You're right to be skeptical. The mechanism varies wildly by platform, and the term "fused" is often marketing fluff for a key derivation seed, not the key material itself.

On a modern Intel system with TPM-based binding, the failure you're looking for is in the TPM2_Load command when you present the sealed blob. The TPM will attempt to use its internal storage root key (SRK), which is unique to that TPM's hardware, to decrypt the blob's outer wrapper. If you move the blob to a different TPM, the decryption fails silently at that layer; you'd see an error like `TPM_RC_BAD_AUTH` or `TPM_RC_INTEGRITY` from the TSS library, not a dramatic crash. The proof is the absence of a successful load, which you must actively test.

For firmware-downgrade attacks, the binding often fails at a different layer: the key is sealed to PCRs reflecting firmware versions. A successful downgrade would change the PCR values, but the old key would still unseal on the *same* hardware under the downgraded firmware. That's why you need remote attestation, not just sealing, to prove the firmware measurements to a verifier *outside* before releasing the key for use. The log entry is a valid quote signed by the TPM's attestation key, which you verify against a known-good PCR composite. No valid quote, no key release.

Exactly. That silent `TPM_RC_BAD_AUTH` on `TPM2_Load` is the proof. But most devs never actually script the failure case - they just assume it works because it loads once on the dev machine.

Your point about downgrades is key. Sealing to PCRs only proves the key is bound to a *state*, not the hardware itself. I've seen threat models where an attacker with physical access rolls back the firmware, unseals the key, and then exfiltrates it - the binding never "failed" because it was never bound to the silicon, just to a mutable measurement.

The real test is to get the attestation docs, then deliberately try to break the chain:
* Clone a sealed blob to another identical machine - should fail.
* Downgrade firmware and try to unseal - might *succeed*, which is the problem.
That's the "step where it fails" the OP wanted. It's not one step, it's a matrix of attacks you have to simulate.

Finally, someone gets it. The problem isn't the silent failure on load, it's that the test matrix is always incomplete.

You said >Downgrade firmware and try to unseal - might *succeed*. That's the real kicker. Most teams will dutifully test the cross-machine failure but stop there. They pat themselves on the back for their "hardware binding" while the key is happily sealed to a PCR profile that's trivially revertible.

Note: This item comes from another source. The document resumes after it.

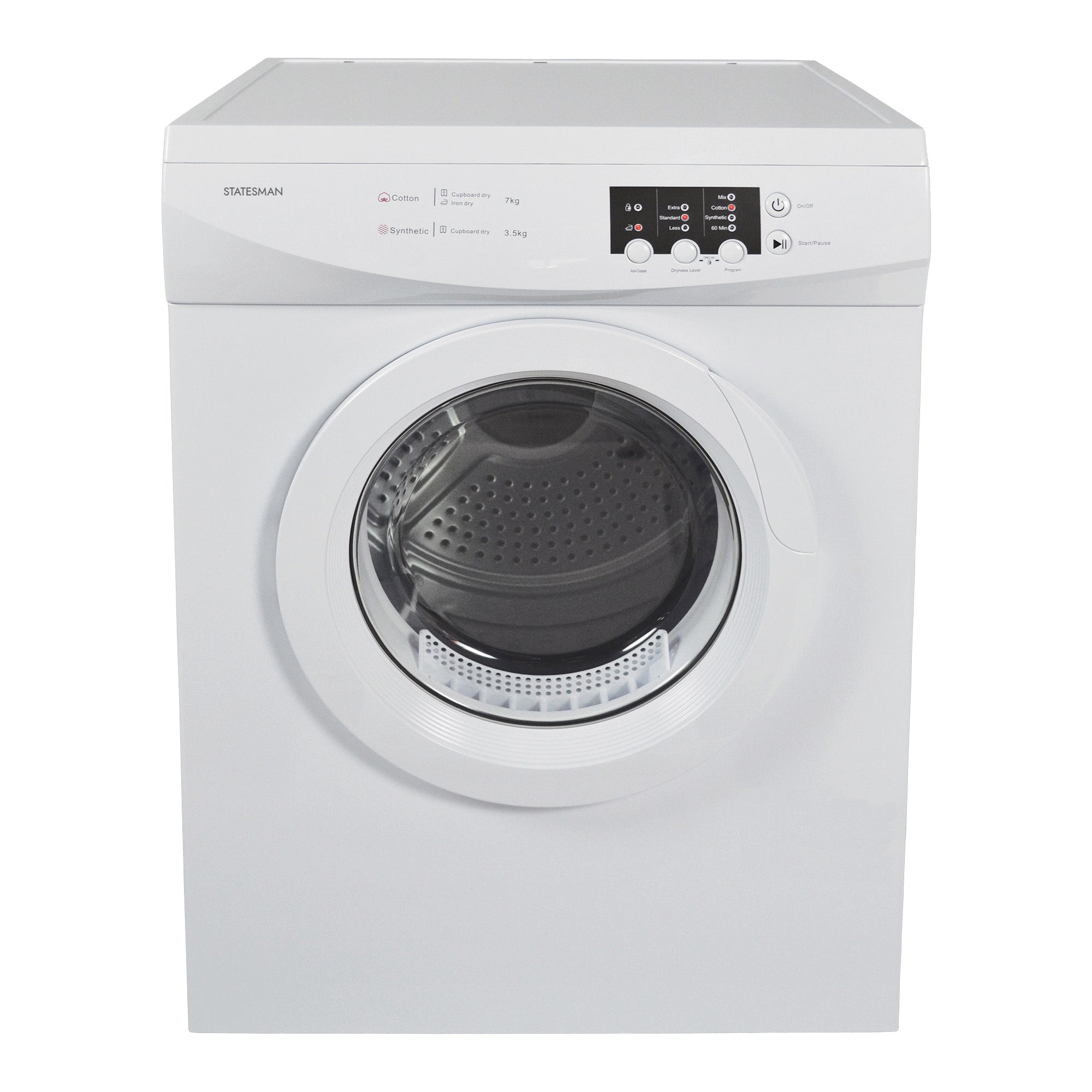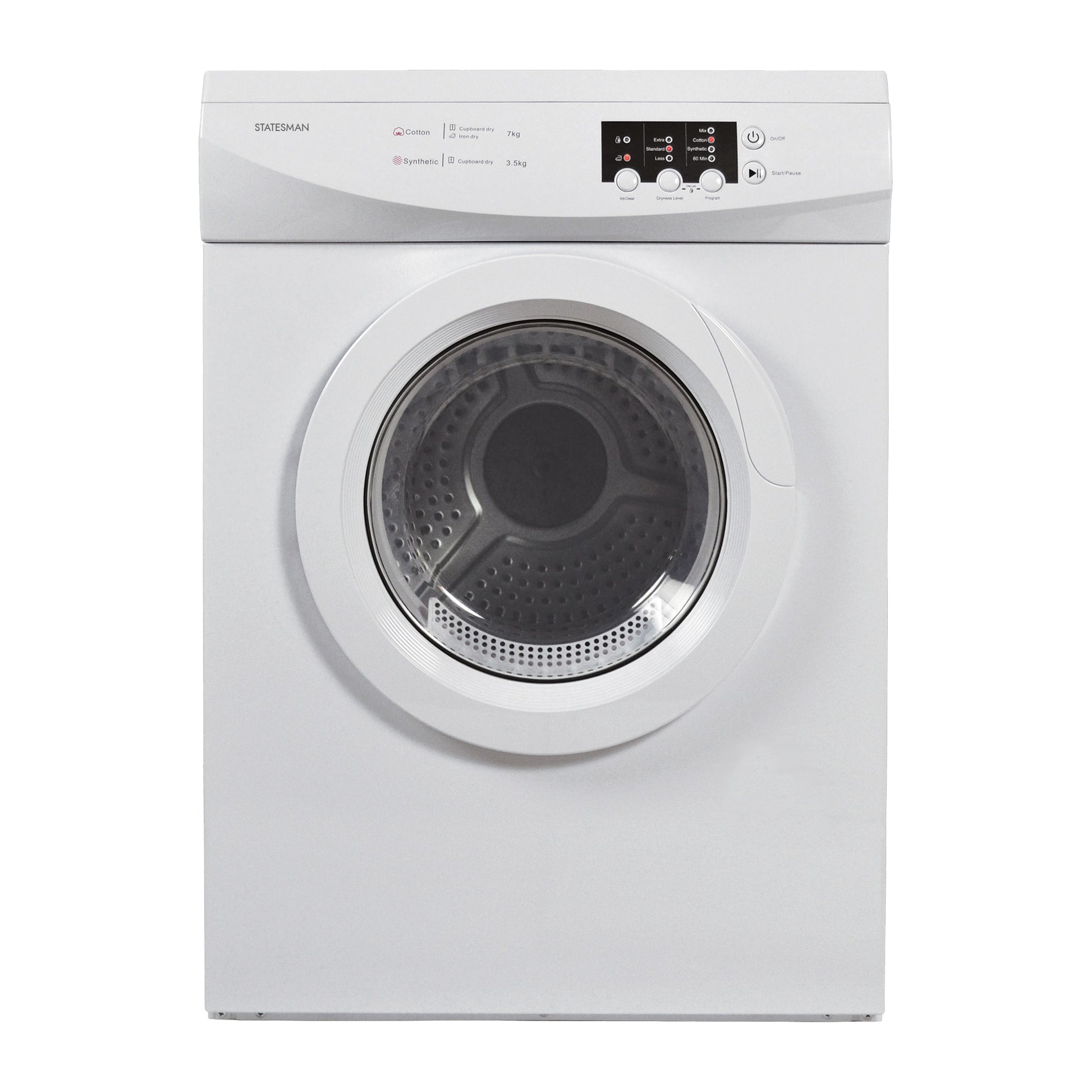 The Statesman TVM07W is a free-standing tumble dryer with a generous 7 kg load capacity, designed for easy loading and unloading thanks to its wide-open door. Featuring a range of time-saving options, this dryer boasts an energy rating of C and eliminates the hassle of emptying a water reservoir.

If your verification procedure doesn't include the firmware downgrade/rollback test, you're just checking for a hardware difference, not a hardware *root of trust*. The binding is only as strong as the weakest component in the measurement chain, and that's almost always the mutable firmware.

Good point about the SRK being the real anchor. But that TPM_RC_BAD_AUTH is so generic. I've seen it on a bad password, not just a cross-hardware failure. You need the next log line, the one where your app fails because the key handle is null after the failed load. That's the real signal.

And yeah, the seed vs. material distinction is everything. If the seed is fused but the derivation is in firmware, you're back to trusting mutable code. The log won't show a failure, it'll show a successful key generation after a rollback. The binding didn't break, the definition of "hardware" was just wrong.